## WORK REQUEST:
Apart from the images, every record below must be given again without alteration.

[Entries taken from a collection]
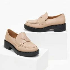 Loafers chunky με ψηλή σόλα. Έχουν εξωτερική ραφή στο επάνω μέρος. Μεταλλικό διακοσμητικό στο ίδιο χρώμα.
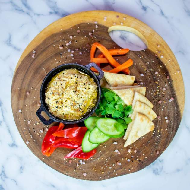 L'acompanyament ideal són els clàssics crudités, és a dir, verdures crues tallades en bastons. En aquest cas s'utilitzen pastanagues i api, que aporten un contrast perfecte gràcies a la seva textura cruixent, frescor natural i sabor lleugerament dolç. Aquestes verdures no només equilibren la intensitat de l'hummus, sinó que també converteixen el conjunt en un picoteig lleuger i molt saludable.
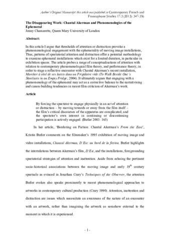 The disappearing work: Chantal Akerman and phenomenologies of the ephemeral.
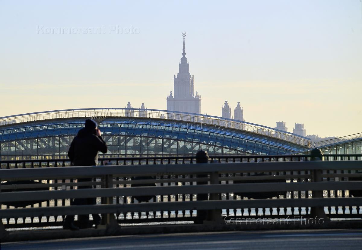 Views of Moscow. Bridge of Bohdan Khmelnitsky across the Moskva River and the main building of the Lomonosov Moscow State University (MSU) on Vorobyovy Hills.
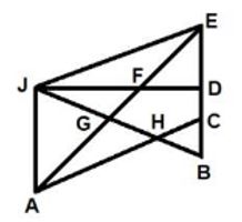 Triangle: AGH, AJG, AJH, AEC, AEJ, BHC, BJD, BJE, EFJ, EFD, EJD, EJG, EBG, JGF and AJF. So, there are fifteen triangles in the given figure.Â
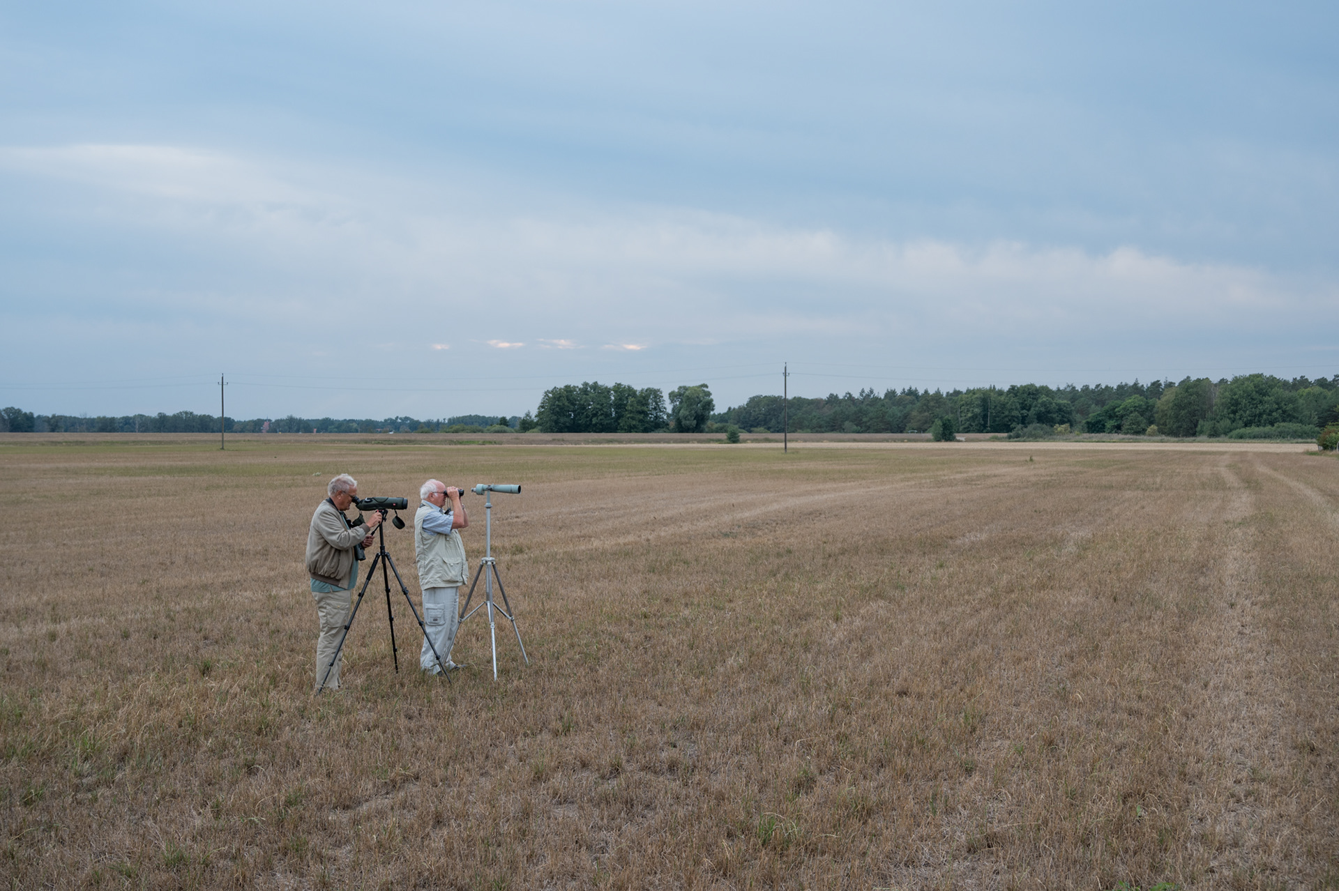 Die Ornithologen Horst Wegener und Achim Bruch beobachten einen Rotfußfalke im ehemaligen Todesstreifen.
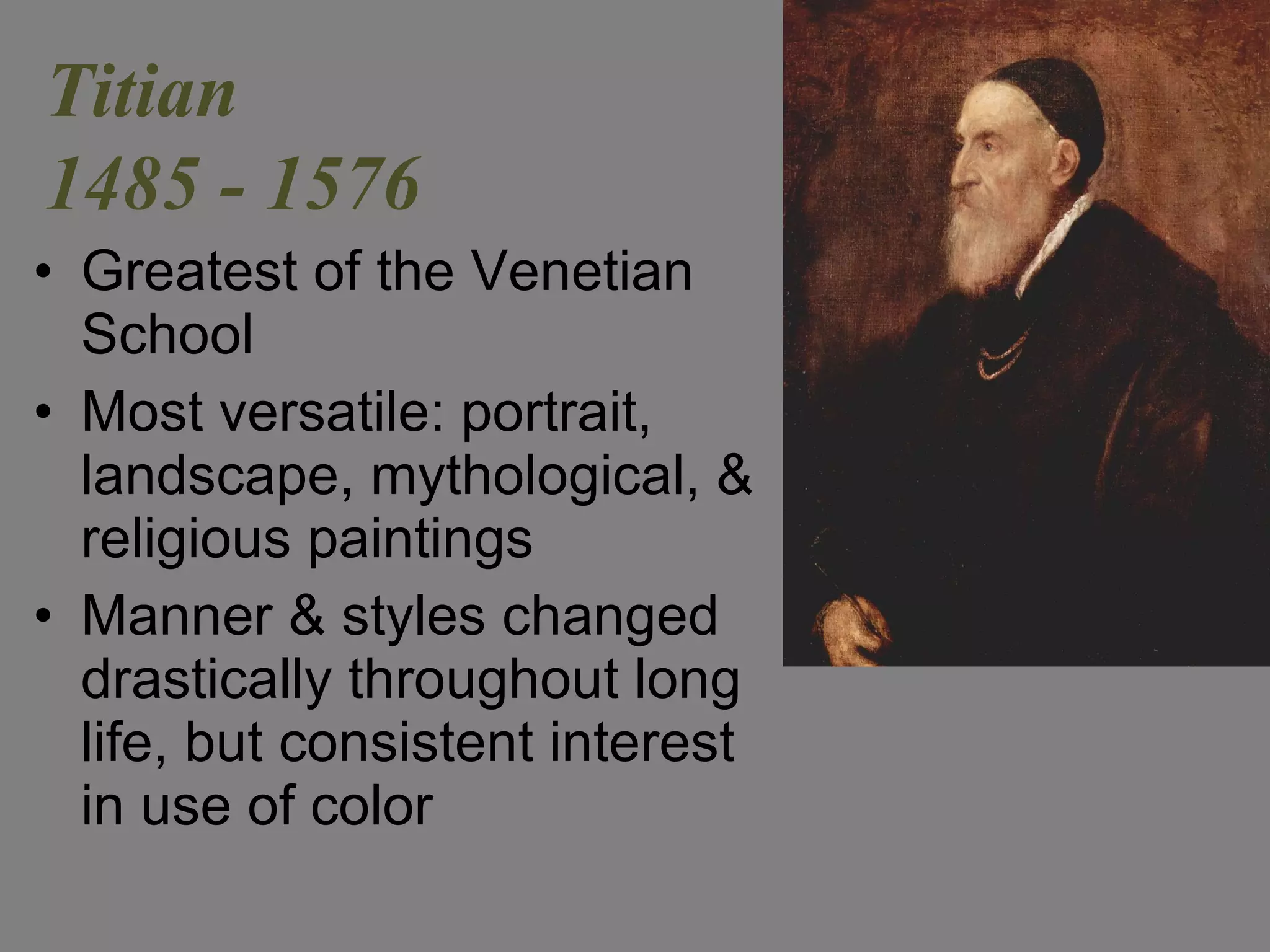 The document provides an overview of the Italian Renaissance artist Titian, known for his versatility in genres including portraits, landscapes, mythological and religious paintings. It discusses how his style changed throughout his long career but his consistent emphasis on color remained. Key works mentioned include Assumption of the Virgin and Venus of Urbino. Context is provided on stylistic developments like Mannerism and the Baroque period that followed the Renaissance.
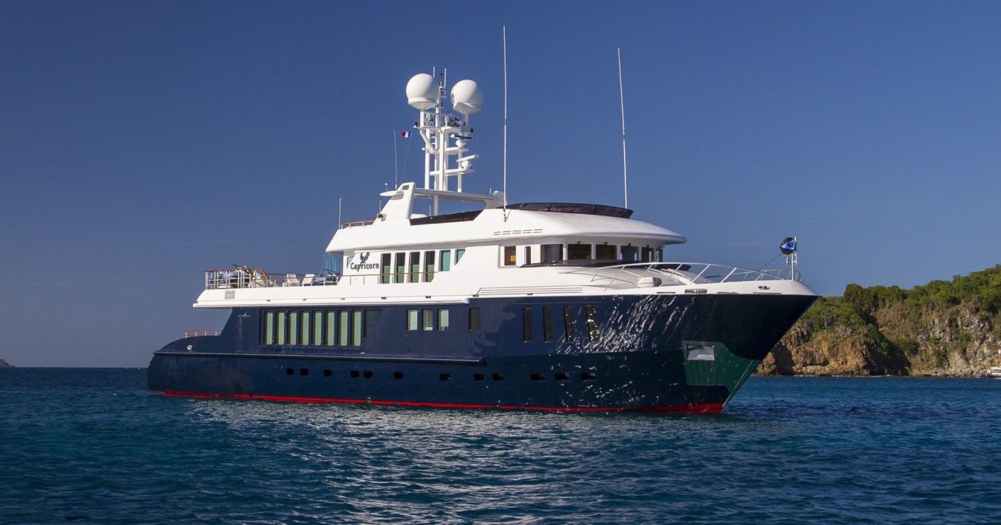 Launched in 2002 and refitted in 2013, CAPRICORN is in exceptional condition. She features Zero Speed stabilizers and a remarkably spacious interior with a beam of 28 feet, all adding to her exceptional comfort level. Her shallow draft of six feet means she is able to cruise shallow waters, offering her guests access to almost every anchorage or secret cove.

## WRITTEN ANSWER:
 Loafers chunky με ψηλή σόλα. Έχουν εξωτερική ραφή στο επάνω μέρος. Μεταλλικό διακοσμητικό στο ίδιο χρώμα.
 L'acompanyament ideal són els clàssics crudités, és a dir, verdures crues tallades en bastons. En aquest cas s'utilitzen pastanagues i api, que aporten un contrast perfecte gràcies a la seva textura cruixent, frescor natural i sabor lleugerament dolç. Aquestes verdures no només equilibren la intensitat de l'hummus, sinó que també converteixen el conjunt en un picoteig lleuger i molt saludable.
 The disappearing work: Chantal Akerman and phenomenologies of the ephemeral.
 Views of Moscow. Bridge of Bohdan Khmelnitsky across the Moskva River and the main building of the Lomonosov Moscow State University (MSU) on Vorobyovy Hills.
 Triangle: AGH, AJG, AJH, AEC, AEJ, BHC, BJD, BJE, EFJ, EFD, EJD, EJG, EBG, JGF and AJF. So, there are fifteen triangles in the given figure.Â
 Die Ornithologen Horst Wegener und Achim Bruch beobachten einen Rotfußfalke im ehemaligen Todesstreifen.
 The document provides an overview of the Italian Renaissance artist Titian, known for his versatility in genres including portraits, landscapes, mythological and religious paintings. It discusses how his style changed throughout his long career but his consistent emphasis on color remained. Key works mentioned include Assumption of the Virgin and Venus of Urbino. Context is provided on stylistic developments like Mannerism and the Baroque period that followed the Renaissance.
 Launched in 2002 and refitted in 2013, CAPRICORN is in exceptional condition. She features Zero Speed stabilizers and a remarkably spacious interior with a beam of 28 feet, all adding to her exceptional comfort level. Her shallow draft of six feet means she is able to cruise shallow waters, offering her guests access to almost every anchorage or secret cove.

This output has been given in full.